Пережитое. Воспоминания эсера-боевика, члена Петросовета и комиссара Временного правительства — страница 6 из 87

Однако этого я не мог бы сказать об отношениях между моей матерью и отцом – их отношения мне казались исключением из правила. Отец мой никогда не был под башмаком у моей матери, но он никогда также не был в семье и деспотом. Их отношения были в каком-то счастливом равновесии, что, я думаю, объяснялось не только той большой любовью, которая их связывала, но, главным образом, тем действительно большим уважением, с которым они всегда относились друг к другу. Отец называл мать ласково Машута, она всегда обращалась к нему почтительно Михаил Михайлович и за глаза называла «несравненным», что вызывало шутки Михновского. Она всегда при этом делала вид, что сердится, хотя и знала, что его шутки не имели в себе ничего обидного: Михновский, как и все друзья нашего дома, глубоко уважал отца. Когда отец ездил по делам в Петербург – это случалось несколько раз за зиму, – он неизменно привозил матери в подарок большой флакон одеколона, а всей семье – огромную голубую коробку знаменитой «соломки» от петербургского кондитера Кочкурова, которая у нас считалась величайшим лакомством, – это сделалось как бы своего рода ритуалом, и я не помню, чтобы хотя бы раз отец от этого отступил.

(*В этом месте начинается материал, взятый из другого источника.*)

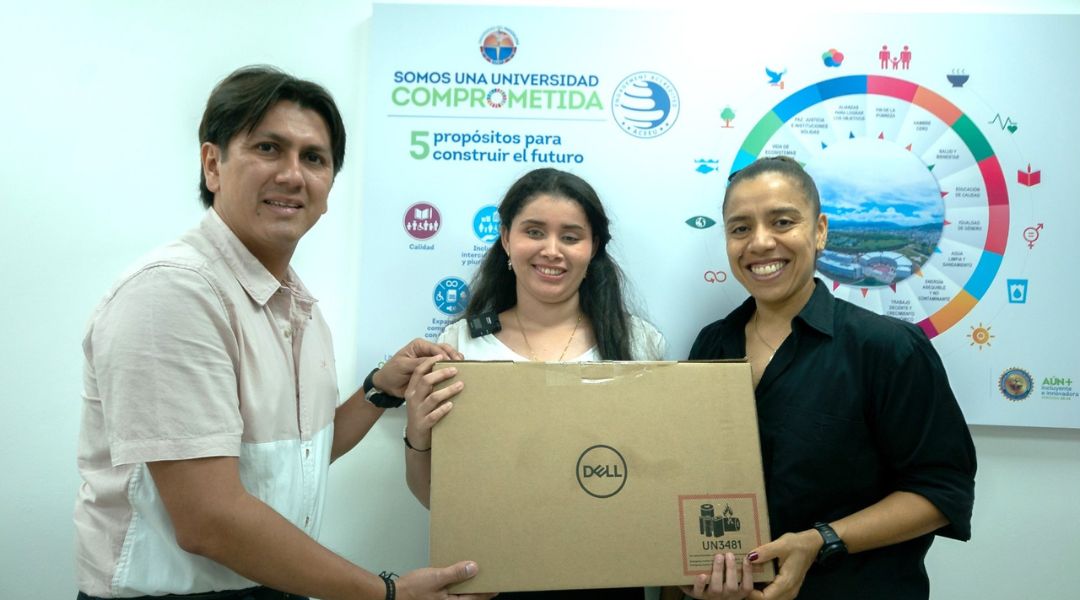 El dispositivo fue otorgado por la Vicerrectoría Administrativa y con el apoyo de la Dirección de Desarrollo Estudiantil se busca que la estudiante supere las barreras tecnológicas y continúe su formación en el marco de una educación de calidad.

Отец пользовался исключительно хорошей репутацией в коммерческом мире и очень гордился званием «коммерции советника», которое получил в начале девятисотых годов благодаря хлопотам его петербургских друзей среди сановников (среди них помню Валентина Яковлевича – кажется, не ошибаюсь в отчестве – Голубева, родного брата известного члена Государственного совета) – это звание давалось, в самом деле, по строгому выбору и только безупречным в деловом отношении лицам (или большим благотворителям, каковым отец не был). Обороты его дела были большие.

Он пользовался неограниченным доверием, но, несмотря на это, за всю свою жизнь не выдал ни одного векселя, что, конечно, в коммерческом мире даже того времени было делом неслыханным. По-видимому, у него было к процедуре выдачи векселей, этому деланию денег из ничего, старозаветное инстинктивное отвращение, как к не совсем честному делу – заработку без приложения труда.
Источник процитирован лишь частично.